Prompt. Exactly the lines below from the one with "Finding somewhere to" up to and including the one with "Мой завтрак с" make up the answer, with nothing else added.

The data.
---
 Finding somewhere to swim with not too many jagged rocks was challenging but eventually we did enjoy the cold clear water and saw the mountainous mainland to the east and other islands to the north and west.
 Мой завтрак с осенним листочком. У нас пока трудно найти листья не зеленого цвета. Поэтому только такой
---
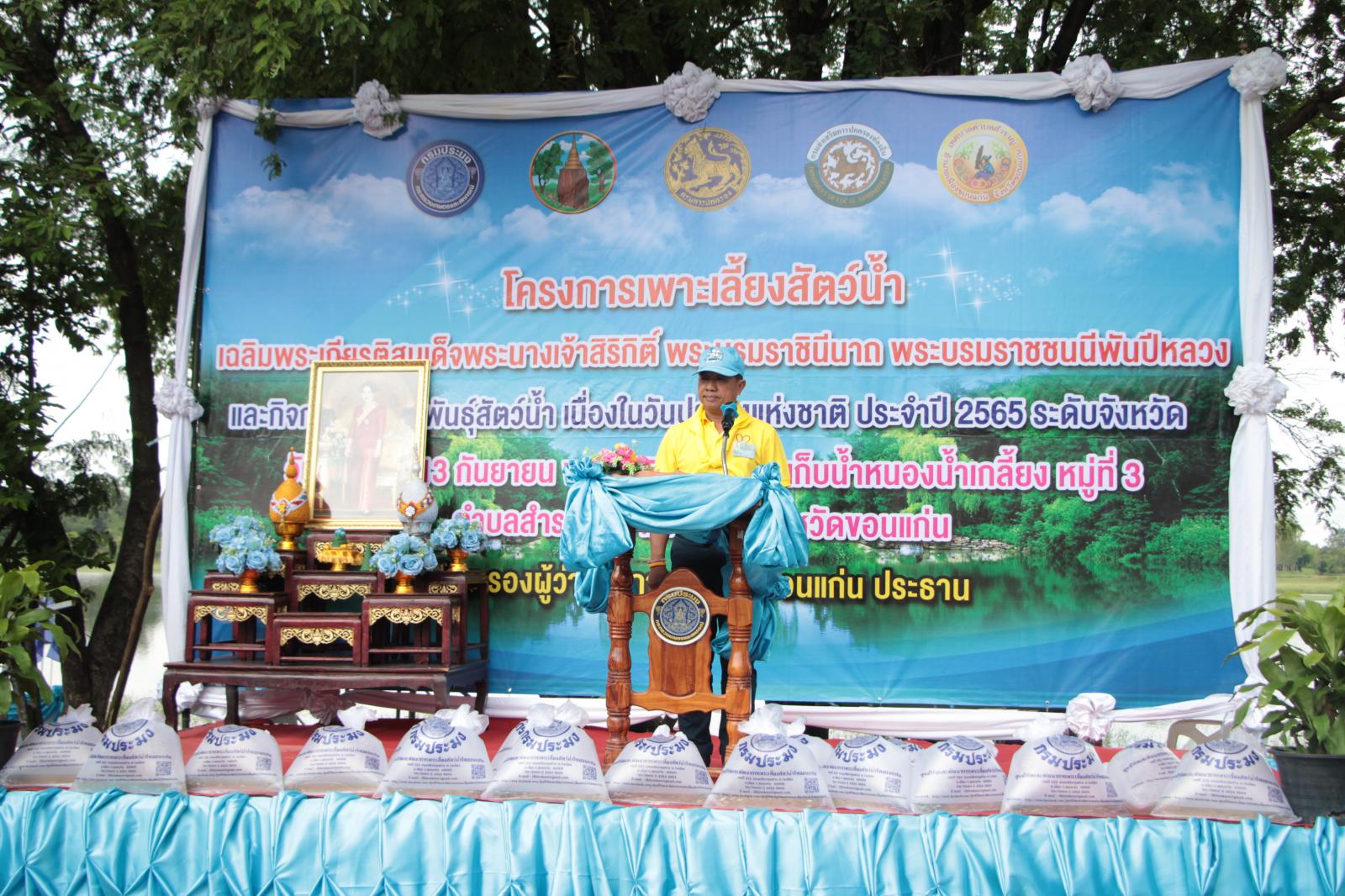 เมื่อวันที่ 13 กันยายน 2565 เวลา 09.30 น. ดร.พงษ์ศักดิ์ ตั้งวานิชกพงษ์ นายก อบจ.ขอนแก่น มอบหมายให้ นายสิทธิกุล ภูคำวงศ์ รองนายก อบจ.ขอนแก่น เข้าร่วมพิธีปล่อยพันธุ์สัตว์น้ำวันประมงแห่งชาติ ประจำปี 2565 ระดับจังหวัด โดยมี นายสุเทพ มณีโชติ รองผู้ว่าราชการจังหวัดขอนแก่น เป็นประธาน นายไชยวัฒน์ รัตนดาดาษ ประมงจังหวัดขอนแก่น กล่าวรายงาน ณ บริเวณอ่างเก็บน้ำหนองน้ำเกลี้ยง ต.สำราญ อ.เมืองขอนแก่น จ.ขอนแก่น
---
Written response.
 Finding somewhere to swim with not too many jagged rocks was challenging but eventually we did enjoy the cold clear water and saw the mountainous mainland to the east and other islands to the north and west.
 Мой завтрак с осенним листочком. У нас пока трудно найти листья не зеленого цвета. Поэтому только такой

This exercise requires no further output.